2009 Annual Report
1a.Objectives (from AD-416)
Objective 1: Investigate geographical differences in morbidity and mortality from Nosema sp., including interactions with other biotic and abiotic challenges in full colony studies in stationary location in Weslaco, TX.
(This objective is a part of a larger experiment conducted in a number of different locations throughout the United States).
Objective 2: Determine individual bee morbidity and mortality from Nosema sp., including interactions with other biotic and abiotic challenges using caged studies.
Objective 3: Investigate the honey bee defense pathways against microbial pathogens.
Objective 4: Develop diagnostic tools for field and laboratory detection and monitoring of honey bees diseases (Nosema ceranae).
1b.Approach (from AD-416)
A new apiary will be established to conduct Grand Experiment study described in "Biotic threats" section. Thirty honey bee colonies will be maintained at Weslaco, TX, site by the Research Unit personnel. Bee samples will be collected bi-weekly and stored in -80 C; pollen samples will be collected on a monthly basis and shipped to collaborators for pesticide residue analysis.
Cage Experiment: Nosema ceranae infection study will be conducted in Weslaco in collaboration with Dr. Webster, Kentucky State University. Bees will be infected with different biotypes of N. ceranae in cages. Honey bee samples will be collected at the different stages as the disease progresses to determine the differential gene expression in response to infection. Bee samples collected from the cage infection study will be analyzed using quantitative PCR (qRT-PCR) to estimate the differences in the level of bee immune responses between Nosema-infected and healthy bees. Infection of bees with N. cerana will be confirmed using DNA-base method and microscopic observation of the dissected bees.
Dipstick assay: We propose to develop a highly sensitive dipstick test for detection of Nosema infection in bee colonies. The test is based on the antibodies of N. ceranae raised in small animals, and it will be able to detect Nosema antigen in honey bee samples. A dipstick assay will be evaluated and optimized on honey bee samples collected in six different locations in the U.S. Production and marketing of the dipsticks is not included in the scope of this study.
In this study, we monitored co-occurrence of pathogens, mites, and pesticides, and identified the factors associated with colony mortality. In the spring of the first year (February 2009), the Honey Bee Research Unit established a stationary apiary from bee packages that were purchased locally. An apiary location was chosen to provide sufficient natural nectar and pollen flow for the test colonies to be self-sustaining. Ambient temperatures for the entire test period will be recorded by the local weather station, KRGV News Channel 5. In April, these initial colonies were re-queened using Koehnen's Queens, Ordbend, CA, and were maintained according to the confirmed protocol. Assessment of the colony strength was conducted at the start of the study. All 30 colonies were measured for the amount of adult bees and brood area.
The Nosema cage study was conducted at Weslaco, TX. In the first part of the study, caged bees were infected with N. ceranae and N. apis, and bee samples were collected at different time points, post-infection. Five cages of bees were infected with N. ceranae, five with N. apis, and five were non-infected controls. Nosema species were confirmed using the PCR method. The workers were placed in cages (14 × 12 × 16 cm) equipped with small foundations and two inverted scintillation vials containing a sugar solution and distilled water installed on top of the cage. The study was conducted in three independent trials. Sixty bees were fed individually with Nosema spores, marked, and returned to cages containing an additional 40 non-infected and non-marked workers. Bees in cages were incubated at 34 C and 60% RH and were provided with water, sucrose solution, and pollen placed at the bottom of each cage. Samples from each cage were collected at specific time points (0 hr, 24 hr, 48 hr, 72 hr, 7 days, and 2 weeks) to determine early, mid, and late gene expression profiles. For each time point, marked bees were collected in duplicate and stored at -80 C. Samples were sent to a collaborator to determine host genes differentially expressed during the progression of the disease. Molecular mechanisms that protect bees from Nosema invasion will be examined.

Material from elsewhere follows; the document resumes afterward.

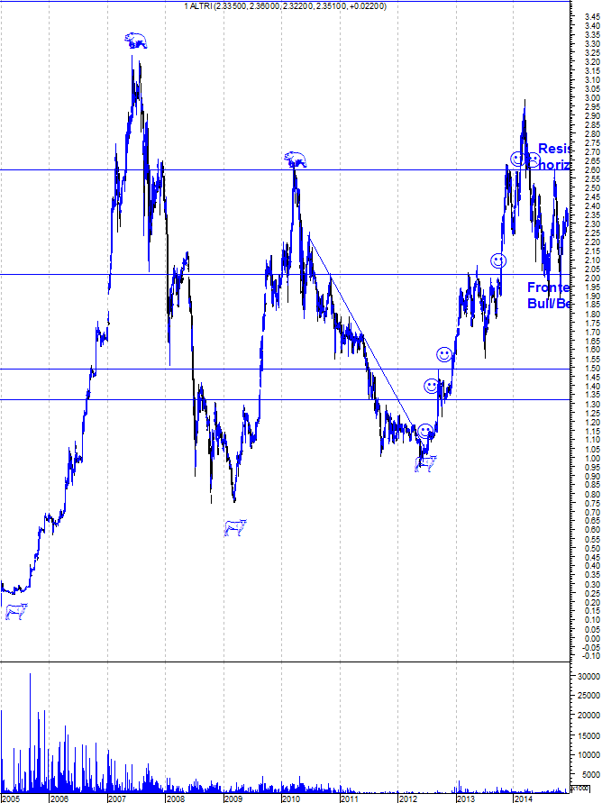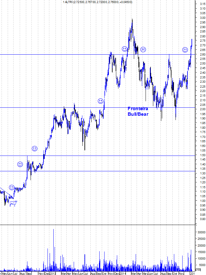 Apramg Escreveu:A altri está perto da forte resistência dos 2,60-2,62. Como em bear market devemos estar atentos às resistências e não aos suportes (...).

We are also developing a robust, specific, and sensitive diagnostic test for the detection of Nosema parasites in honey bee samples. The dipstick test is a "front line" diagnostic based on an antigen capture assay that detects N. ceranae or N. apis spores wall antigen. A new detection device is intended for use with the whole insect and does not require any additional sample preparation, equipment, or specialized skills. Therefore, it could be used in local laboratories and directly in the field. This test will be used by hobbyist and commercial beekeepers to monitor the progression of the disease and to minimize the use of synthetic chemicals in bee colonies.